In May, the House of Representatives passed the Financial Innovation and Technology for the 21st Century Act (FIT21). The bill establishes guidelines for regulating cryptocurrencies, assigning the responsibility to regulate decentralized blockchains to the Commodity Futures Trading Commission (CFTC), and non-decentralized blockchains to the SEC.

It also includes several other key details, including a definition for “decentralization,” guidelines for which cryptocurrencies qualify as securities versus commodities, requirements for exchanges, stablecoin rules, and a provision giving consumers the right to self-custody their crypto.

If the bill becomes law, it could pave a path for crypto platforms that have shuttered their US operations to return to the market. Platforms that currently offer crypto to US customers may also be able to expand their offerings to include not just more cryptocurrencies, but also functions like staking.

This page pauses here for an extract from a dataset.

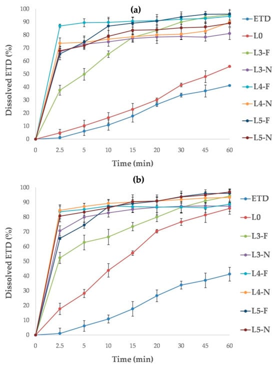 The solubilities of ETD in cryo-milled SDs (Table 3) were in the ranges of 0.10–0.16 mg/mL in water, 0.87–1.37 mg/mL in acetate buffer pH 5.5 and 1.91–2.44 mg/mL in phosphate buffer pH 7.4. Compared with pure ETD and pure milled ETD (K0, K00), a significant improvement in its solubility was observed for all prepared SDs. The maximum ETD solubility in water and buffer pH 5.5 exhibited K2-60 (HPMC + poloxamer), while in buffer pH 7.4-K5-60 (poloxamer). In SDs containing various carriers–HPMC, PVP/VA and poloxamer–no significant differences (p > 0.05) were observed between the ETD solubilities. For each formulation, the best ETD solubility was noted in phosphate buffer (above 2 mg/mL for most SDs), which relates to the chemical properties (acidic nature) of the drug. ETD is characterized by a pKa value of 4.65, which means that at higher pH (pH > pKa), it presents mainly in ionized form and shows better solubility [12,75]. Also, for lyophilized SDs, the ETD solubility was improved compared to pure and lyophilized ETD (L0, L00) (Table 4). In this case, ETD dissolved in water, buffer pH 5.5. and buffer pH 7.4 in the ranges of 0.20–0.43 mg/mL, 1.02–1.69 mg/mL and 2.10–3.08 mg/mL, respectively. The highest ETD solubility in water showed L4-F (PVP/VA, poloxamer), and in both buffers, it showedL3-F (PVP/VA). Similarly to the cryo-milled SDs, the lyophilized SDs showed no statistically significant differences (p > 0.05) in ETD solubility across different carriers. The highest ETD solubility was observed in phosphate buffer at pH 7.4. Comparing the two methods and their effect on improvement of ETD solubility, a greater impact was seen for lyophilized SDs, especially solubility of ETD in water, which was four times greater for lyophilized SDs (formulations with PVP/VA and poloxamer) than for cryo-milled SDs.

2. More clarity for stablecoins

Stablecoins are cryptocurrencies with values "pegged" (meaning tied) to another asset—often a traditional fiat currency like the US dollar. For example, one unit of a stablecoin that's pegged to the US dollar aims to always be worth $1. Because stablecoins are far less volatile than other cryptocurrencies, supporters believe they can make crypto transactions easier. 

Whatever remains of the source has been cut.